On the occasion of the International Day of the Victims of Enforced Disappearances on August 30, 2014, the International Campaign for Tibet (ICT) calls for an end to a wave of enforced and extra-legal disappearances across Tibet, in particular following intensified repression after the self-immolations began in 2009.
There has been a new spike in enforced disappearances since the self-immolations in Tibet in 2009. The authorities’ draconian response to the more than 130 self-immolations across Tibet has included reprisals against those allegedly associated with self-immolators, including friends, families, witnesses to the act, and even entire communities.
“Enforced disappearance has been used as a tactic by the Chinese authorities in Tibet to spread fear and attempt to ensure allegiance to the Party-state,” said Matteo Mecacci, President of the International Campaign for Tibet. “We are highly concerned about the cases of ‘disappearances’ connected to self-immolations – such as friends, family, and individuals who may have simply witnessed a self-immolation,” Mecacci added.
In July 2014 ICT issued a report, ‘Acts of Significant Evil: The Criminalization of Self-Immolation’, detailing a wave of enforced disappearances of Tibetans.
Tibetans ‘disappeared’ since 2008 have been treated with extreme brutality. Many Tibetans are profoundly psychologically disturbed upon release, with others unable to walk or speak, or with broken or dislocated limbs. ICT has information on some Tibetans who were beaten to death in custody following protests, or suspicion of involvement in protests.
Among the cases highlighted in the ICT report are:
- Following the self-immolation and death on October 4, 2012, of Tibetan writer Gudrub in Nagchu., his uncle Tsewang Jermey was taken away from his home, followed by his younger brother, sister and her husband. Around 30 of his friends were ‘disappeared’ on their way to hospital to see him.
- Monk Gedun Jamyang disappeared after he chanted prayers for Tamdin Dorje who self-immolated in eastern Tibet on October 13, 2012. Dorkho Kyab and his son Choephel were also detained, allegedly for helping Tamdin Dorje’s family arrange the funeral ceremony. Monk Choezin and Lobsang Choephel were detained on December 12, 2012. Their whereabouts is not known.
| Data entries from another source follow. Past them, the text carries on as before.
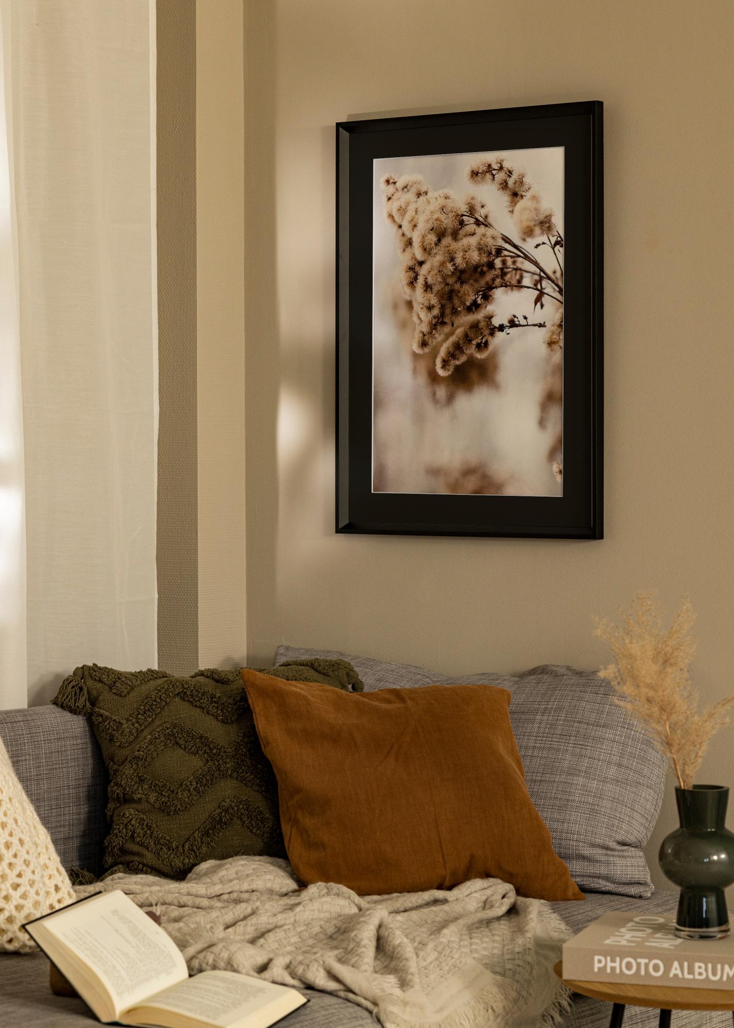 Transformați fotografia sau opera de artă preferată într-o decorare elegantă pentru perete cu cadrul nostru de înaltă calitate, cu passepartout. Culoarea neagră a cadrului și passepartout-ului creează o înrămare armonioasă și sofisticată care pune în valoare motivul într-un mod stilat. Cu o lățime a cadrului de 20 mm și o adâncime de 25 mm, imaginea dumneavoastră capătă un aspect distinct și profesional.
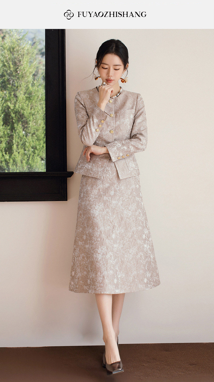 FUYAO扶摇直上 高级感西装套装女轻奢古典风高级感西服两件套春季
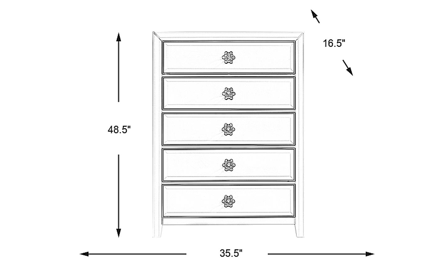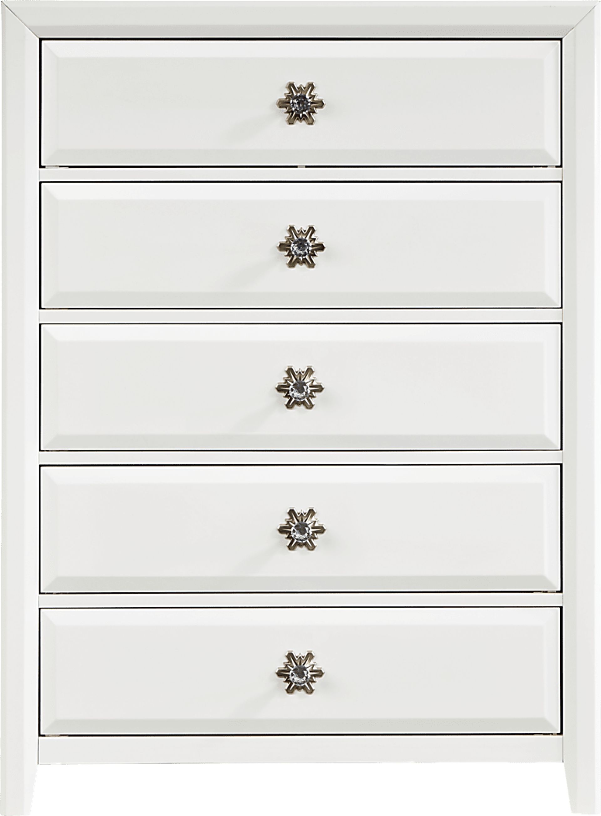 Cast an enchanting spell over your child's bedroom with the shimmering Disney Frozen chest in ice white. Chrome recreations of Elsa's Signature Snowflake and acrylic crystal knobs highlight the exterior front panels of the five-drawer chest. Internally, the chest is configured with French dovetails to provide support against feisty pulls from your child.
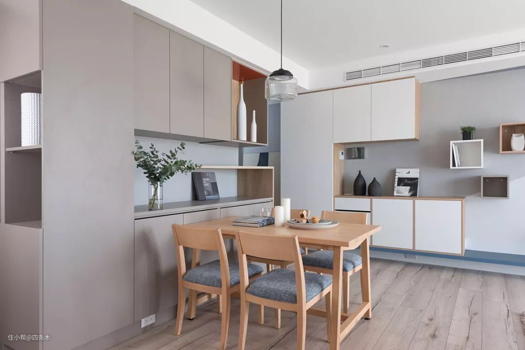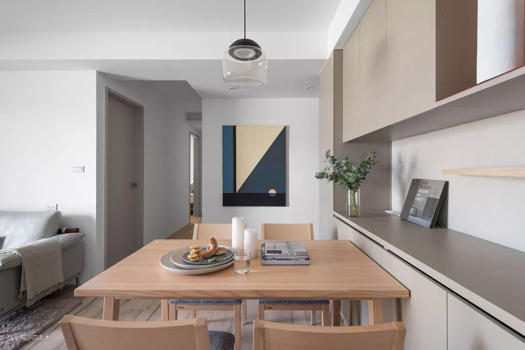 餐厅的地方摆放了实木餐桌,搭配一盏吊灯,看起来很简洁,另外旁边还定制了一个餐边柜,灰色的门板设计,简洁大方,同时又可以增加很多收纳空间,这样设计,好看又实用!
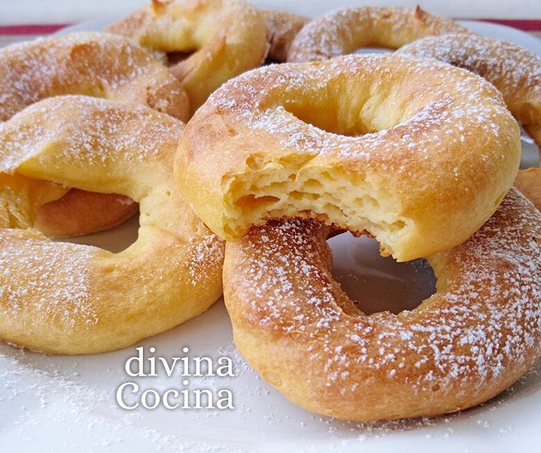 Estos roscos de natillas llevan un horneado rápido, pero son facilísimos de preparar, porque usamos para la masa natillas envasadas. Como resultado, unas rosquillas ligeras, con sabor a vainilla, suaves y esponjosas.
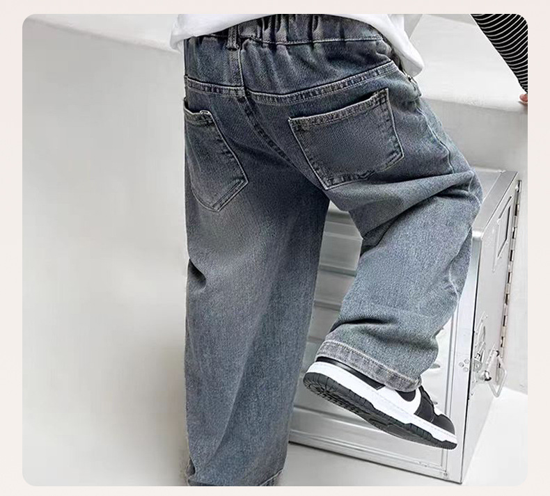 트렌디 한 새로운 도착 Zhongda Boys의 데님 넓은 다리 바지 어린이 스트레이트 다리 바지 복고풍 빨래 드레스 크래프트 청바지스토어 가기
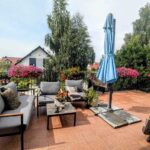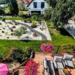 - Teren: ogrodzony, ogród z różnymi nasadzeniami oraz miejscem do relaksu
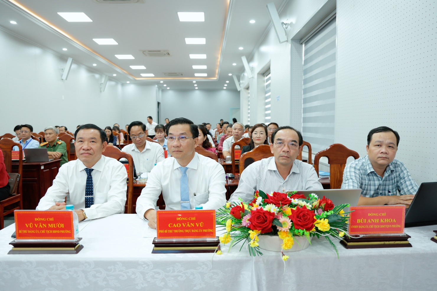 Đồng chí Vũ Văn Mười - Bí thư Đảng ủy, Chủ tịch HĐND phường. Cùng các đồng chí trong Thường trực Đảng ủy phường chủ trì hội nghị; Cùng tham dự có các đồng chí Ủy viên Ban Thường vụ, Ban Chấp hành Đảng bộ phường; lãnh đạo các cơ quan tham mưu, giúp việc Đảng ủy; lãnh đạo các phòng, ban, trung tâm thuộc UBND phường; Ủy viên Ủy ban Kiểm tra Đảng ủy; đại diện các tổ chức chính trị - xã hội, Thường trực HĐND phường; Bí thư, Phó Bí thư các chi, đảng bộ cơ sở và Chi bộ trực thuộc; Trưởng Ban Công tác Mặt trận các khu phố.<br />
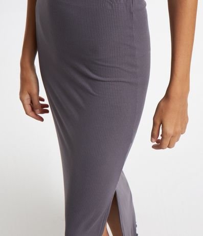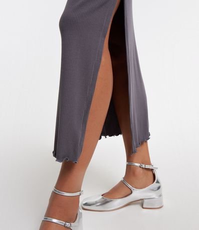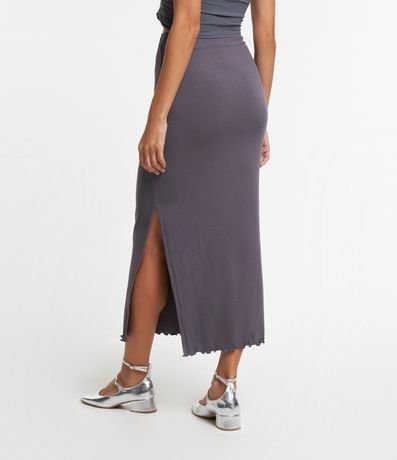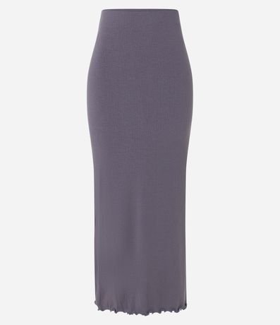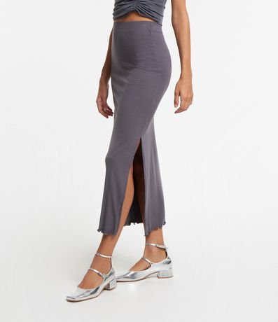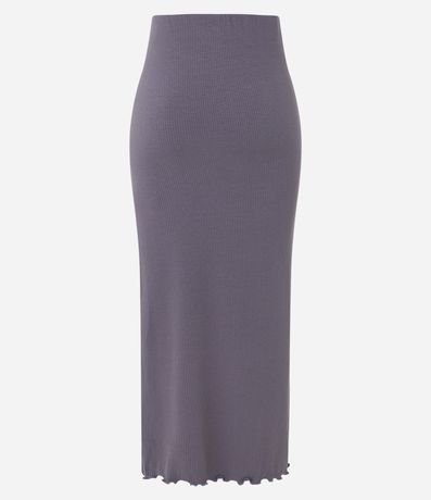 Saia midi, em ribana, sem estampa com fenda lateral e barra picot.
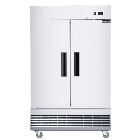 The Dukers D47EF reach-in commercial freezer is the perfect solution for food trucks and businesses that need reliable performance in a compact, two-door design. Its two doors are accented with high-quality brushed stainless steel for both the interior and exterior, ensuring durability and easy cleaning in tight, high-traffic spaces. The heavy-duty 3/4 HP compressor is bottom-mounted for improved efficiency and better cooling, even in demanding environments. Digital controls allow you to precisely adjust and maintain the ideal temperature. The auto-defrosting system helps reduce energy costs and maintain consistent freezing temperatures. Six adjustable shelves provide flexible storage options to accommodate various products and packaging sizes. Designed with a slim profile and compact footprint, it fits seamlessly into food truck layouts without sacrificing storage capacity.
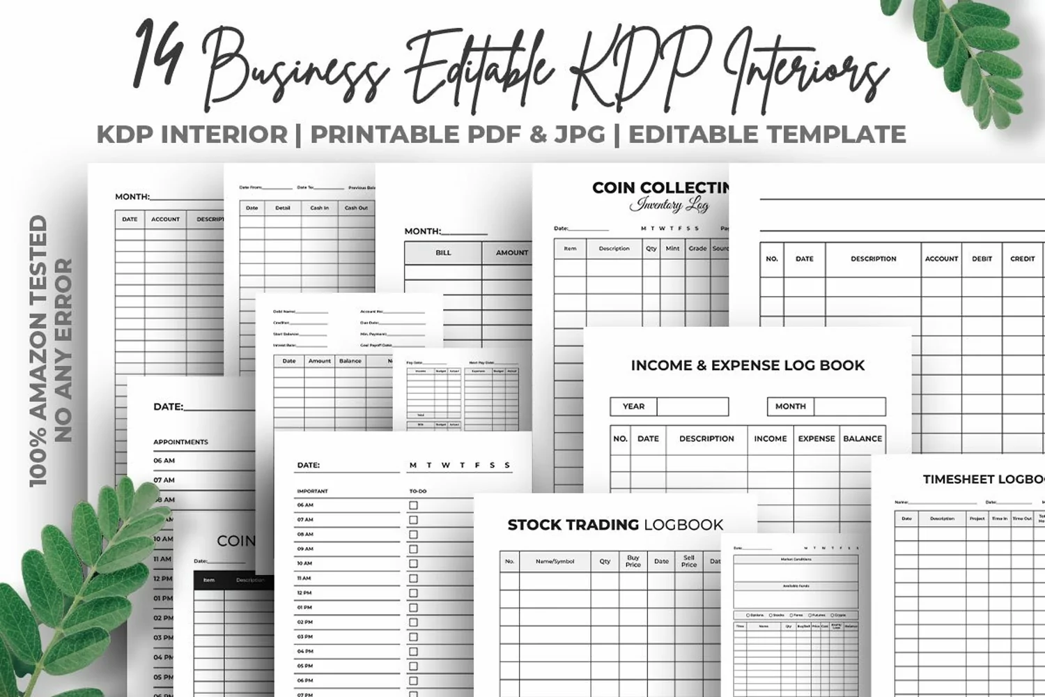 Hi, This is 14 Business Editable KDP Interiors 100% Tested on Amazon KDP is perfect for growing fastly your KDP Low & No content book publishing business on Amazon 100% vector editable & resizable PDF, you can change the size easily because It's also vector & adobe illustrator supported PDF, also ready for notebook, journal, diary, ready to printing.

In another case, Goshul Lobsang died at home in north-eastern Tibet on March 19, 2014 following severe torture during his ‘disappearance’ and later prison sentence. He was accused of being an organizer of a protest in 2008 and had been beaten so severely that he could not even swallow his food.
The International Campaign for Tibet calls on the international community to ask China for a full disclosure of the whereabouts of the disappeared Tibetans and to ensure non recurrence of enforced or involuntary disappearances in the future.